Cette simplification finit par masquer l’essentiel : la réalité de nos différences individuelles dont les origines sont bien plus complexes que notre année de naissance.
Et ne nous voilons pas la face, ces catégorisations offrent de vastes opportunités d’affaires : combien d’ouvrages, de séminaires, de consulting sur le management intergénérationnel pour proposer des solutions à un problème mal défini ?
Des silos qui nuisent à la coopération
Le risque, lorsqu’on parle trop de générations, est de figer les individus dans des cases. Ces catégories peuvent devenir de véritables silos :
On s’adresse aux “jeunes” comme à des êtres instables et exigeants ;
On considère les “seniors” comme rigides ou réfractaires au changement ;
On oublie tout ce qu’ils partagent : le besoin de reconnaissance, de sens et d’utilité.
Ces stéréotypes, même bien intentionnés, peuvent créer des prophéties auto-réalisantes : si l’on considère qu’une génération est “moins motivée” ou “moins capable de s’engager”, on finit par la gérer différemment — avec moins de confiance ou de responsabilités — et donc à produire le comportement que l’on redoutait.
Le regard qu’on pose sur l’autre influence ensuite ses comportements.
Cultiver la diversité plutôt que les différences
Plutôt que d’opposer les générations, l’enjeu consiste à valoriser la diversité des parcours, des âges et des expériences.
Chacune et chacun, selon son histoire et son regard, apporte une perspective précieuse sur le travail :
la mémoire et la stabilité des uns ;
la créativité et la remise en question des autres.
Cette complémentarité nourrit l’évolution des organisations, qui reposent souvent sur un équilibre subtil entre continuité et innovation.
La diversité des âges n’est donc pas un obstacle à gérer, mais une ressource à cultiver — à condition d’en faire une source d’apprentissage collectif plutôt qu’un motif de division.
Changer de regard pour mieux coopérer
Et puisque les études démontrent qu’il y a plus de différences au sein d’une même génération qu’entre générations, il est plus fécond de s’interroger sur ce qui facilite la coopération entre les individus, indépendamment de leur année de naissance.
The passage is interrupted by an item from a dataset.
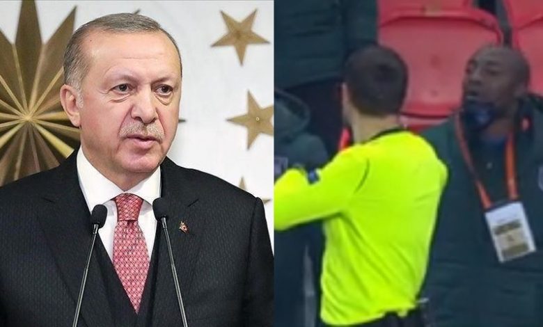 وقال أردوغان في تغريدة عبر تويتر: “أدين بشدة العبارات العنصرية التي تعرض لها عضو الجهاز التدريبي في ممثلنا فريق باشاك شهير”.

Rappeler cela, c’est remettre au centre ce qui relie : le travail comme espace de coopération, d’échange et de sens partagé.
La performance durable naît de cette capacité à articuler les différences sans les opposer, et à créer des espaces où chacune et chacun peut se sentir utile, reconnu et acteur.
C’est dans cette alliance que se construit la performance collective et durable.